🔴 🤖 Models Wednesday, April 29, 2026 · 2 min read

NVIDIA Nemotron 3 Nano Omni: open multimodal model 30B-A3B MoE with 256K context, 9× higher throughput than competitors

Editorial illustration: a multimodal AI system unifying video, audio, and text through a hybrid mixture-of-experts architecture

Why it matters

Nemotron 3 Nano Omni is NVIDIA's new open multimodal model that unifies vision, speech, and language in a single 30B-A3B hybrid mixture-of-experts system with 256K context. It achieves top accuracy on six leaderboards for document intelligence and audio-video understanding, with 9× higher throughput than other open omni models at the same interactivity level. Available immediately on HuggingFace, OpenRouter, NVIDIA NIM, and 25+ partner platforms; Foxconn, Palantir, and six other companies are already using the model in production.

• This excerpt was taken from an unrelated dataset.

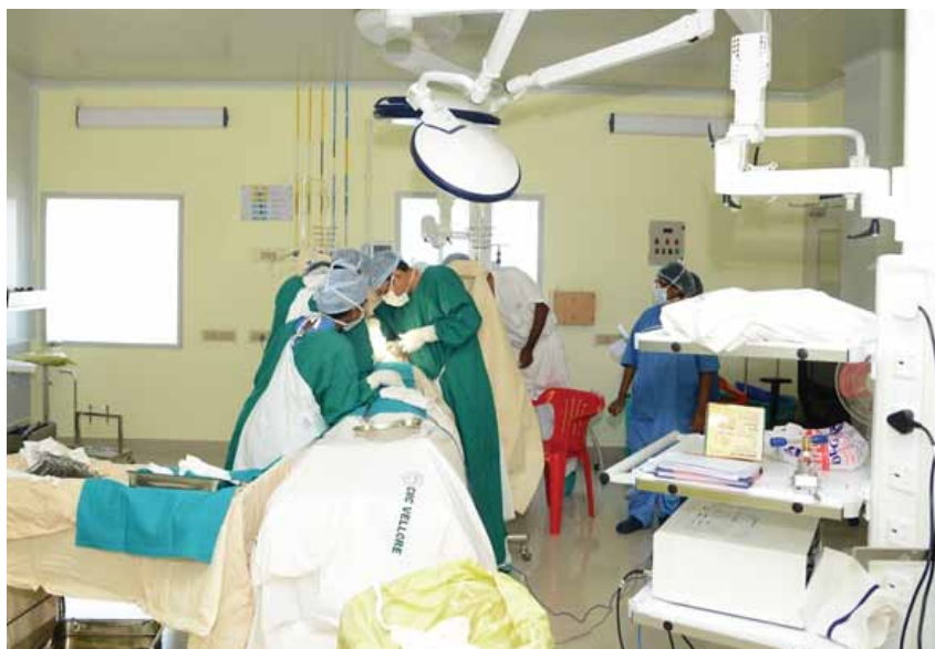
One among the four operation theatres at Chittoor

On April 28, 2026, NVIDIA introduced Nemotron 3 Nano Omni — an open multimodal model that combines vision, speech, and language in a single system. The model is positioned as a “perception sub-agent” that pairs with the larger Nemotron 3 Super and Ultra models: Nano handles real-time video and audio understanding, while Super/Ultra take over more complex reasoning. With this, NVIDIA addresses a concrete problem of production AI agents — latency in multimodal pipelines where input is routed through separate ASR, vision encoder, and text LLM components.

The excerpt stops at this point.